1- Shared Experience, Common Values
3The contemporary phase of this long story of India’s contacts with the GMS countries begins from India’s freedom movement which had triggered the beginning of the end of European colonialism in this part of Asia. Leaders of de-colonization movements – like Gandhi or Ho Chi Minh – were not just fighting for the national liberation but liberation of Asian people. This was to make India appear as if spearheading a larger de-colonization and development pursuit for this larger region. Indeed, contacts and correspondence of Indian leaders with some of Indochina leaders go back to the 1920’s. Much before India became a formally independent country, Ho Chi Minh (in Vietnam) had dispatched an emissary to the Indian capital to seek assistance against the French and Sukarno had appealed to Nehru for help against the British occupation in Indonesia.16
4Though contacts between India and Indochina* had not been far too many compared to, say, those with some other countries like Indonesia or Myanmar yet, in 1928, Doung Van Gieu (a Viet Namese nationalist) had been invited by Jawaharlal Nehru of the Indian National Congress (INC) to their party’s historic annual session in Calcutta.17 Similarly, four months before India’s independence in August 1947, India had convened an Asian Relations Conference in New Delhi in April 1947. This was attended by nationalists from 25 Asian nations to explore avenues for further cooperation including their freedom struggle. Amongst others, this was attended by a special representative of Dr. Ho Chi Minh in Viet Nam.

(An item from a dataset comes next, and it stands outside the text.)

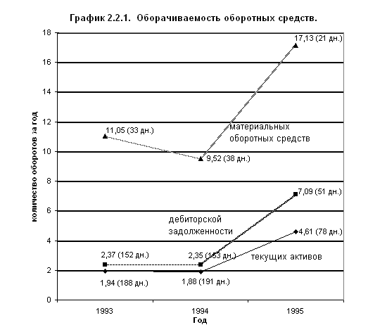 Общая сумма оборотных средств за 1996 год выросла на 1 735 870 тыс. руб., или на 21,4 %. По прежнему остается наибольшей доля дебиторской задолженности 62,7 %, хотя она сократилась за 1996 г. на 16,6 %.

5After the New Delhi Asian Relations Conference and before India’s independence (i. e. between April and August 1947), the Government of India, headed by Jawaharlal Nehru, had already imposed restrictions on over-flights of aircraft carrying arms and ammunition for use by the colonial masters against the freedom fighters in Indochina. This policy may have had some contribution in ensuring the historic French reversals in Dien Bien Phu which were to lead to the Geneva Conference of 1954. For sure, the international community recognized India’s role and this was to herald another phase in India’s relations with Indochina. India was not only invited to the Geneva negotiations but, given its vigorous role, it was entrusted with (along with Canada and Poland) the responsibility to oversee implementation of Geneva Agreement.18 As indicator of their bilateral ties and to give boost to their inter-State cooperation, Indian Prime Minister Jawaharlal Nehru had visited Viet Nam during 1954 and President Ho Chi Minh had reciprocated with a visit to India in 1958.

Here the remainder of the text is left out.